## ASSIGNMENT:
Take nothing but the lines from the one with "Kiełbaskę kroimy w" through the one with "Rosas geométricos Red" in the entries below, both ends kept, and return them exactly with pictures left out.

## INPUT FOR THIS TASK:
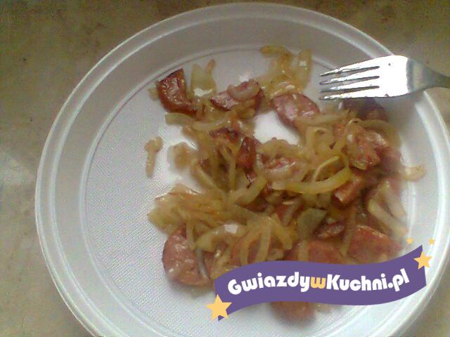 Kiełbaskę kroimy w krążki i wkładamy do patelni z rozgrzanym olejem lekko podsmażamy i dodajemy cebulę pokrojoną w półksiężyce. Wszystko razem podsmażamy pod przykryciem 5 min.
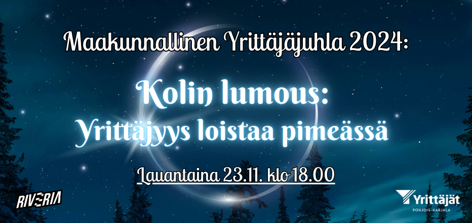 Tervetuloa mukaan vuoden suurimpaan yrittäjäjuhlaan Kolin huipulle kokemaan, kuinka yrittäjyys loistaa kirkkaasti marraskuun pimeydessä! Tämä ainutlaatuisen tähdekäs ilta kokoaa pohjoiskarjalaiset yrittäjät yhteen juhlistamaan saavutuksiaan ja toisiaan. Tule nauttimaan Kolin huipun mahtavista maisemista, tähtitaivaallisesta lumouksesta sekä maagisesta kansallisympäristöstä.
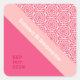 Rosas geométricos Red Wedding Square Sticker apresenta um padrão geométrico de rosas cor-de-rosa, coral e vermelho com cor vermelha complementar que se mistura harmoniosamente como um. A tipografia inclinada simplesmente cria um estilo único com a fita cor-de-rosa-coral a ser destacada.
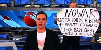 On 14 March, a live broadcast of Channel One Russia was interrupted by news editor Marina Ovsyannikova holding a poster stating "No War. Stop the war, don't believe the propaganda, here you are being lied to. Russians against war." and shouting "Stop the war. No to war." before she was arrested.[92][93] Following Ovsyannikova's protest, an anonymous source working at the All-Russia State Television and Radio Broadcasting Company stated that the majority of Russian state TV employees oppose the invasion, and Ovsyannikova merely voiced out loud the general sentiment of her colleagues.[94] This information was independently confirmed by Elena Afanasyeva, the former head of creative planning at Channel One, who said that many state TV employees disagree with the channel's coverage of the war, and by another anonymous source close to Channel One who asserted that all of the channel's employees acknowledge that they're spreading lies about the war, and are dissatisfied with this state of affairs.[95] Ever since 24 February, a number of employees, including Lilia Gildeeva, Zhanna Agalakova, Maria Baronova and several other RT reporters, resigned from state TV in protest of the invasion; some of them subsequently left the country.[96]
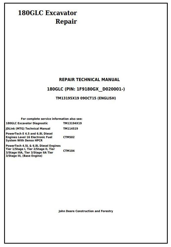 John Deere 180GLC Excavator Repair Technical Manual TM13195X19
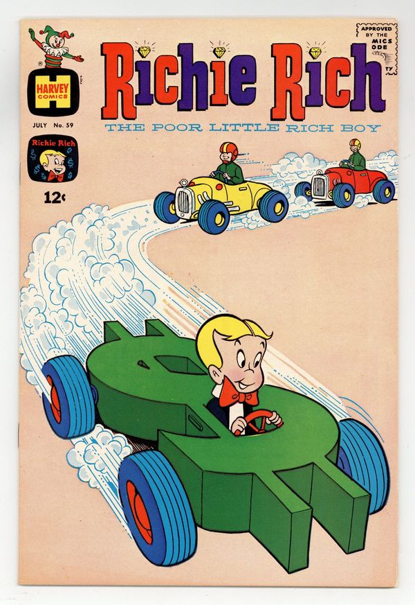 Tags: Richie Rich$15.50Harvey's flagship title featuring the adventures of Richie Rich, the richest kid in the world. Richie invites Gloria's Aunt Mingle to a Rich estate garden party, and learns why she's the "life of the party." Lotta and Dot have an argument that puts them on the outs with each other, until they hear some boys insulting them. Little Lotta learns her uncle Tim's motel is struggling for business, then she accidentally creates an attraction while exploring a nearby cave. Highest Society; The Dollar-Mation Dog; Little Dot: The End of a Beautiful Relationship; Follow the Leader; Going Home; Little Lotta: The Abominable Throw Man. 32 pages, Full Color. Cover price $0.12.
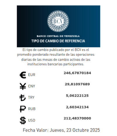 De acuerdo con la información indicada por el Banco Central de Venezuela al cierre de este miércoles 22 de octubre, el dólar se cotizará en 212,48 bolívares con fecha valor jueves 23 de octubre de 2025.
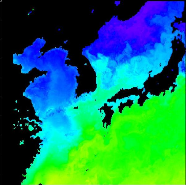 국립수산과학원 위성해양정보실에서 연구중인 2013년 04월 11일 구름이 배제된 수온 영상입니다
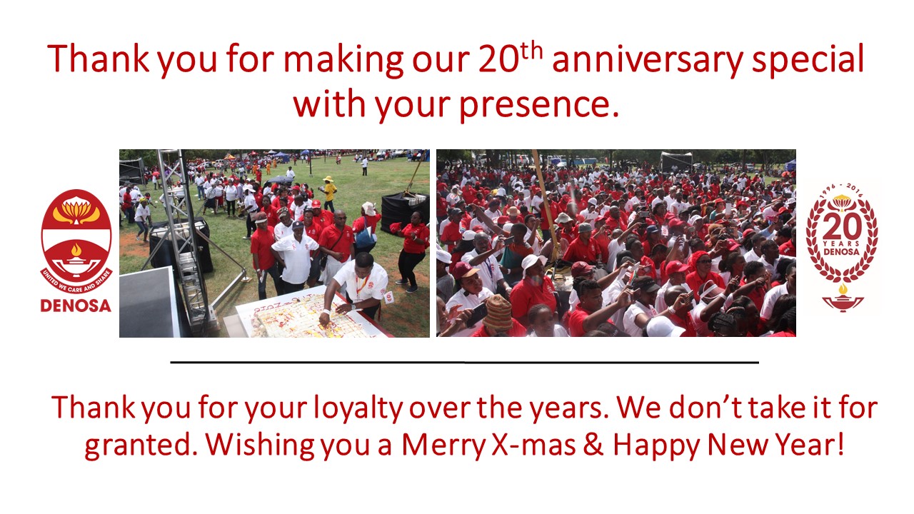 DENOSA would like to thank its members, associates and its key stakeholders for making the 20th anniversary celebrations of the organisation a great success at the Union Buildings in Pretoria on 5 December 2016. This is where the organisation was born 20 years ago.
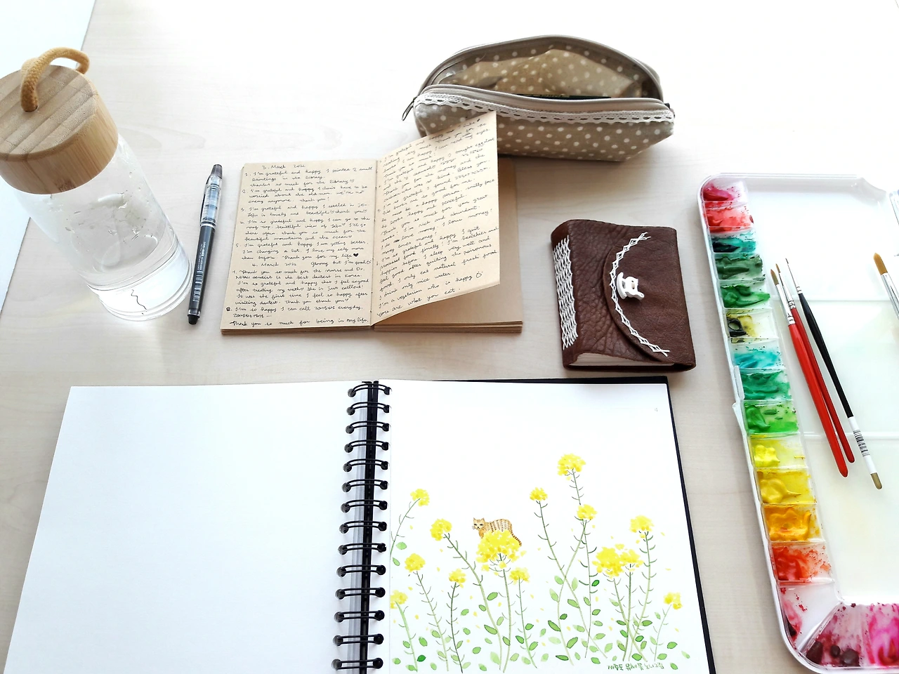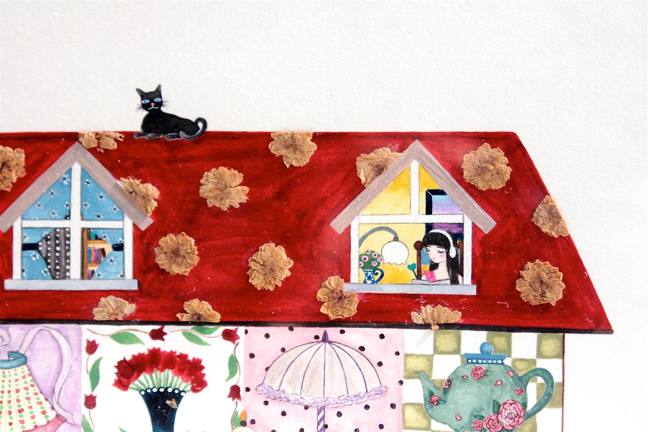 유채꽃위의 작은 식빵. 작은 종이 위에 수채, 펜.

...

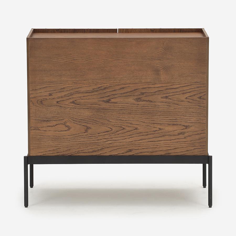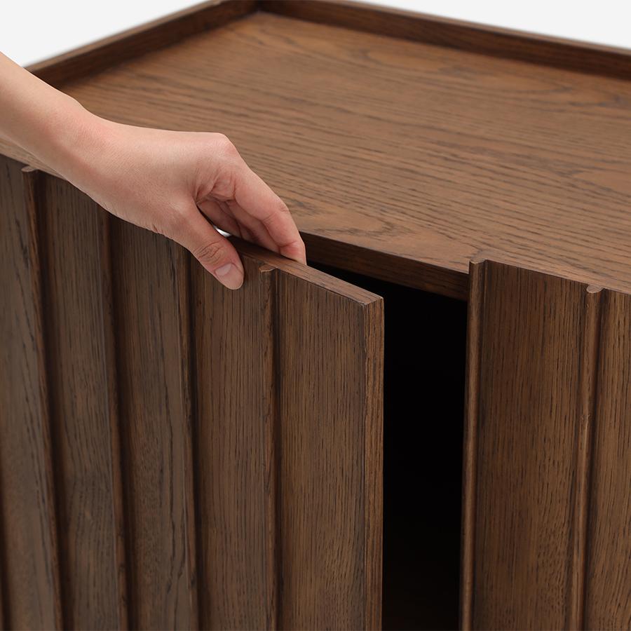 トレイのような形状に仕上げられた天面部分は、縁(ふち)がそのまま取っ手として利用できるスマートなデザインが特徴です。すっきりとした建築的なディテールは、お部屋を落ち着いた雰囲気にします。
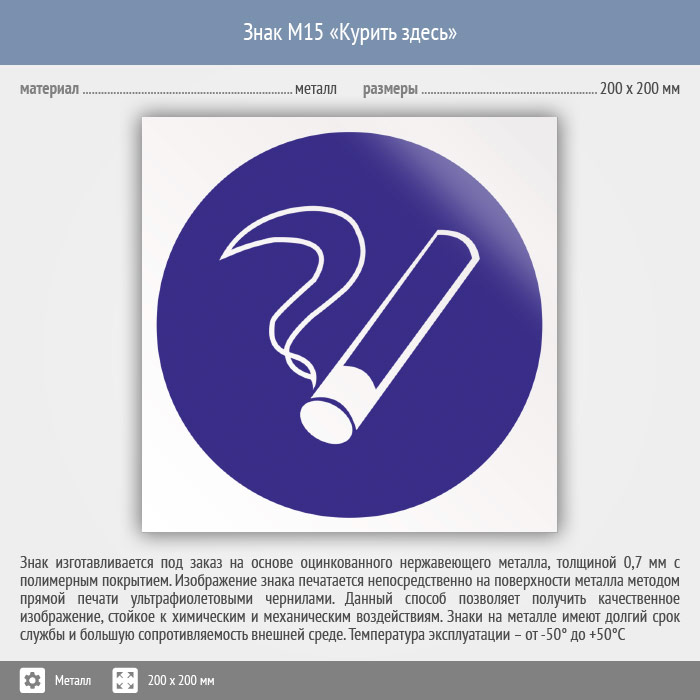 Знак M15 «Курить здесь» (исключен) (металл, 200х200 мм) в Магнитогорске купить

## RESPONSE TO THIS TASK:
 Kiełbaskę kroimy w krążki i wkładamy do patelni z rozgrzanym olejem lekko podsmażamy i dodajemy cebulę pokrojoną w półksiężyce. Wszystko razem podsmażamy pod przykryciem 5 min.
 Tervetuloa mukaan vuoden suurimpaan yrittäjäjuhlaan Kolin huipulle kokemaan, kuinka yrittäjyys loistaa kirkkaasti marraskuun pimeydessä! Tämä ainutlaatuisen tähdekäs ilta kokoaa pohjoiskarjalaiset yrittäjät yhteen juhlistamaan saavutuksiaan ja toisiaan. Tule nauttimaan Kolin huipun mahtavista maisemista, tähtitaivaallisesta lumouksesta sekä maagisesta kansallisympäristöstä.
 Rosas geométricos Red Wedding Square Sticker apresenta um padrão geométrico de rosas cor-de-rosa, coral e vermelho com cor vermelha complementar que se mistura harmoniosamente como um. A tipografia inclinada simplesmente cria um estilo único com a fita cor-de-rosa-coral a ser destacada.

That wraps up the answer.